**SOURCE DATA**:
● ● ● ● ● ● ●

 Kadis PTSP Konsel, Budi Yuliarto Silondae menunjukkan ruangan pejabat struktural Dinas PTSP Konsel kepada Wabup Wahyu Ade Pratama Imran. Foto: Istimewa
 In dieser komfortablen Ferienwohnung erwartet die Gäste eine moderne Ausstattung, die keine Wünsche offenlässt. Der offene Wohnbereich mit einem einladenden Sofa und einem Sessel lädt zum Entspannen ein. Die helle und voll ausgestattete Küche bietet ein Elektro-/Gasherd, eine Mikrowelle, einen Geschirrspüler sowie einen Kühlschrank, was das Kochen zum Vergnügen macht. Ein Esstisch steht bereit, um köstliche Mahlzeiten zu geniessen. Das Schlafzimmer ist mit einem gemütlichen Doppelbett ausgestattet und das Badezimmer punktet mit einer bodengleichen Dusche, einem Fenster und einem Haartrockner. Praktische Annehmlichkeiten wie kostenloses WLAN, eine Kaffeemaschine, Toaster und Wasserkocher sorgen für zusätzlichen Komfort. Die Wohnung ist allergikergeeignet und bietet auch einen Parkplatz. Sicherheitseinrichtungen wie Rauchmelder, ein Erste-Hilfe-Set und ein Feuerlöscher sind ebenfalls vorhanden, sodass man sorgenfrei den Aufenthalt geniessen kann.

● ● ● ● ● ● ●

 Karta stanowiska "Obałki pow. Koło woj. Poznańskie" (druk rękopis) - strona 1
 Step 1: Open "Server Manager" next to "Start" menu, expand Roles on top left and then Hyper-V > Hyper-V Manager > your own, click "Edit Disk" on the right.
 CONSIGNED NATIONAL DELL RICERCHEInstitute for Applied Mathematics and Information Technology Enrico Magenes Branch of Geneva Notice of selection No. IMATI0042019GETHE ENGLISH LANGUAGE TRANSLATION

● ● ● ● ● ● ●

Above are some lines. Repeat exactly, and only, those from the line that has "rękopis) - strona 1" through the line that has "CONSIGNED NATIONAL DELL".

**OUTPUT FOR THIS TASK**:
 Karta stanowiska "Obałki pow. Koło woj. Poznańskie" (druk rękopis) - strona 1
 Step 1: Open "Server Manager" next to "Start" menu, expand Roles on top left and then Hyper-V > Hyper-V Manager > your own, click "Edit Disk" on the right.
 CONSIGNED NATIONAL DELL RICERCHEInstitute for Applied Mathematics and Information Technology Enrico Magenes Branch of Geneva Notice of selection No. IMATI0042019GETHE ENGLISH LANGUAGE TRANSLATION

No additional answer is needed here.